Dataset content:
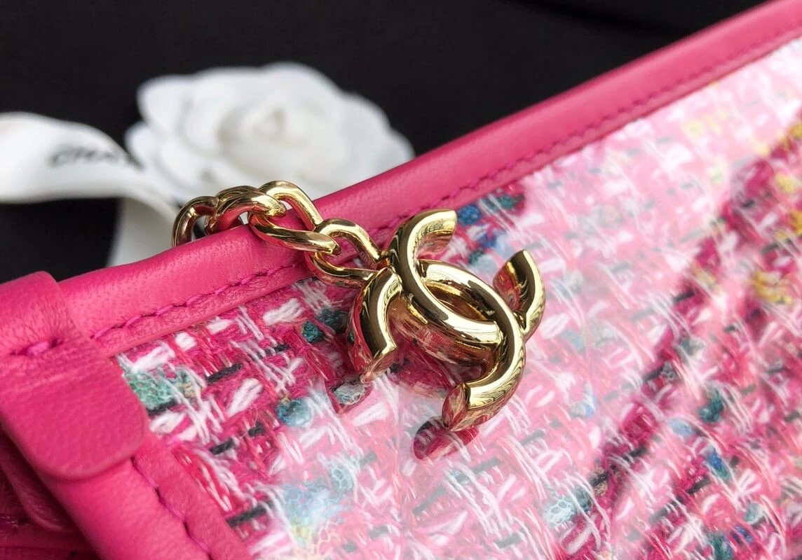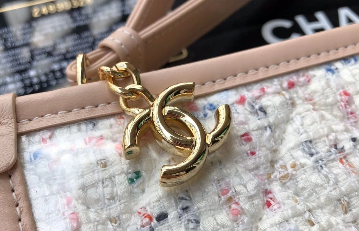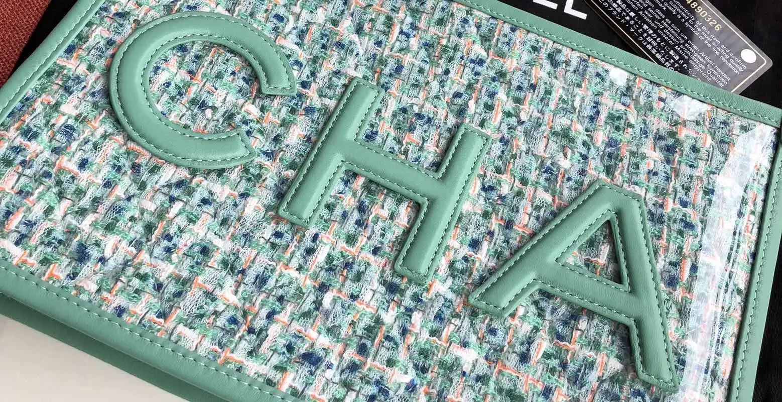 - Material: Multi-colored tweed fabric with a transparent PVC overlay
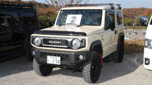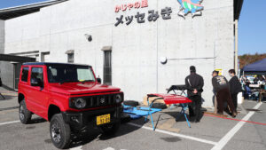 三木スズキの主催で、ドレスアップコンテストを開催。もちろん車種の制限はなく、今回は15台がエントリー。見事優勝したのはデリカD:5の山本さんで、副賞として赤色にオールペンされた世界に1台だけのジムニーシエラキッズカーが贈られた。
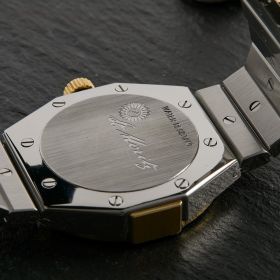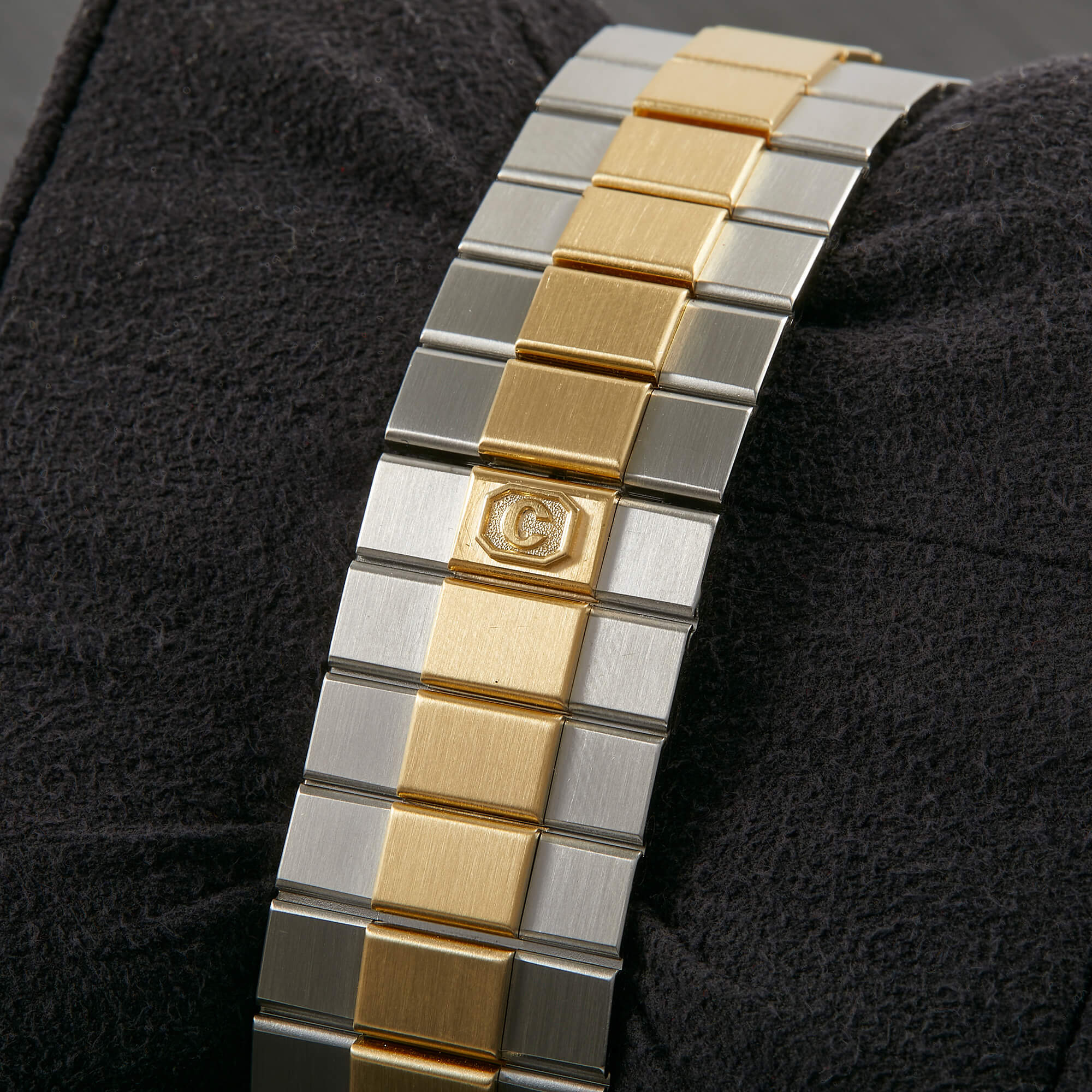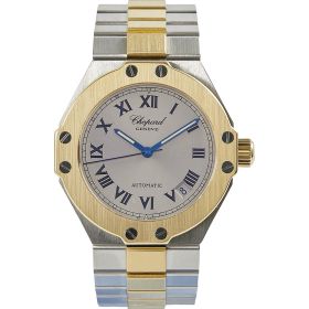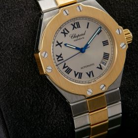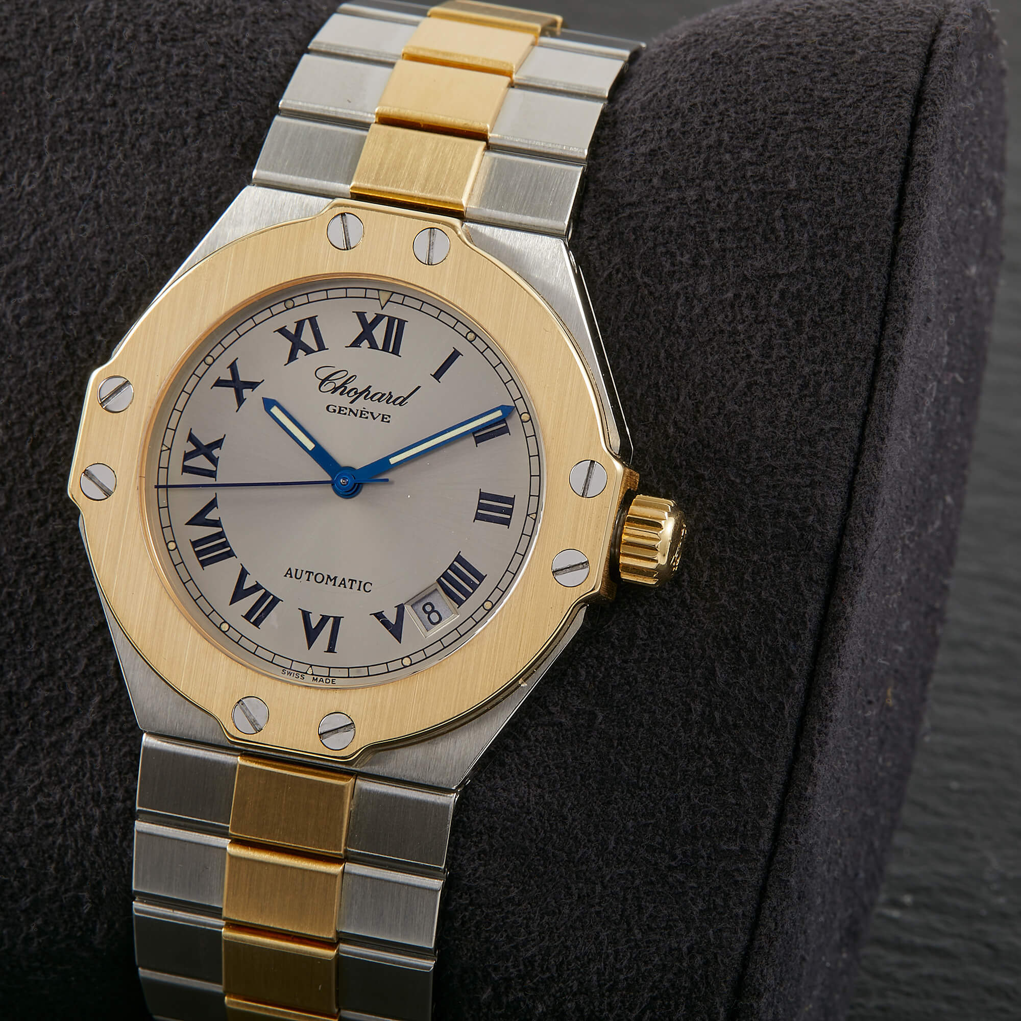 Die Chopard St. Moritz Ref. 8300 präsentiert sich in einer edlen Stahl-Gelbgold-Ausführung mit markanter Schraubenlünette und integriertem Band. Das graue Zifferblatt mit römischen Indizes und gebläuten Zeigern verleiht der Uhr eine elegante Tiefe und klassischen Charakter. Ein seltener Fund in diesem Zustand – inklusive Box und Papieren. Ein stilvoller Zeitzeuge der frühen 2000er Jahre mit sportlich-eleganter Ausstrahlung.
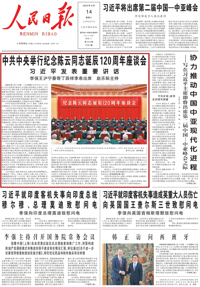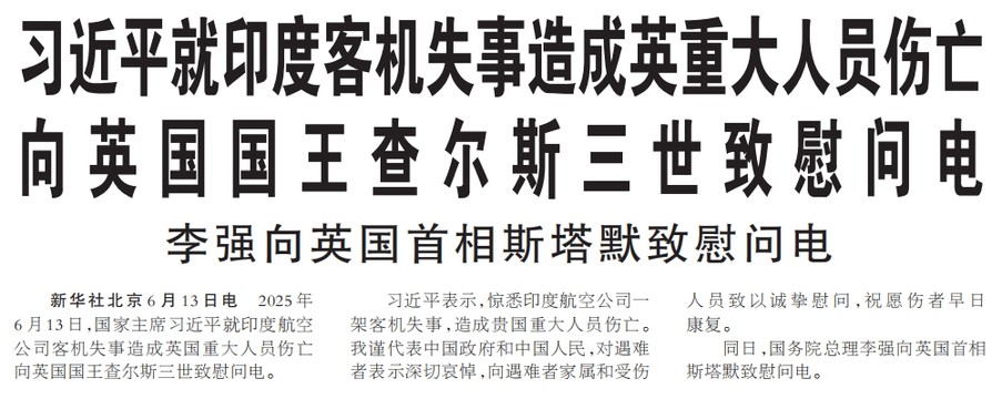 2025年6月13日,国家主席习近平就印度航空公司客机失事造成英国重大人员伤亡向英国国王查尔斯三世致慰问电。(今日《人民日报》1版)

What to work on: Give again, word for word, every line from the top of the data above to the line holding "三木スズキの主催で、ドレスア", inclusive, with the pictures left out.

Your response:
 - Material: Multi-colored tweed fabric with a transparent PVC overlay
 三木スズキの主催で、ドレスアップコンテストを開催。もちろん車種の制限はなく、今回は15台がエントリー。見事優勝したのはデリカD:5の山本さんで、副賞として赤色にオールペンされた世界に1台だけのジムニーシエラキッズカーが贈られた。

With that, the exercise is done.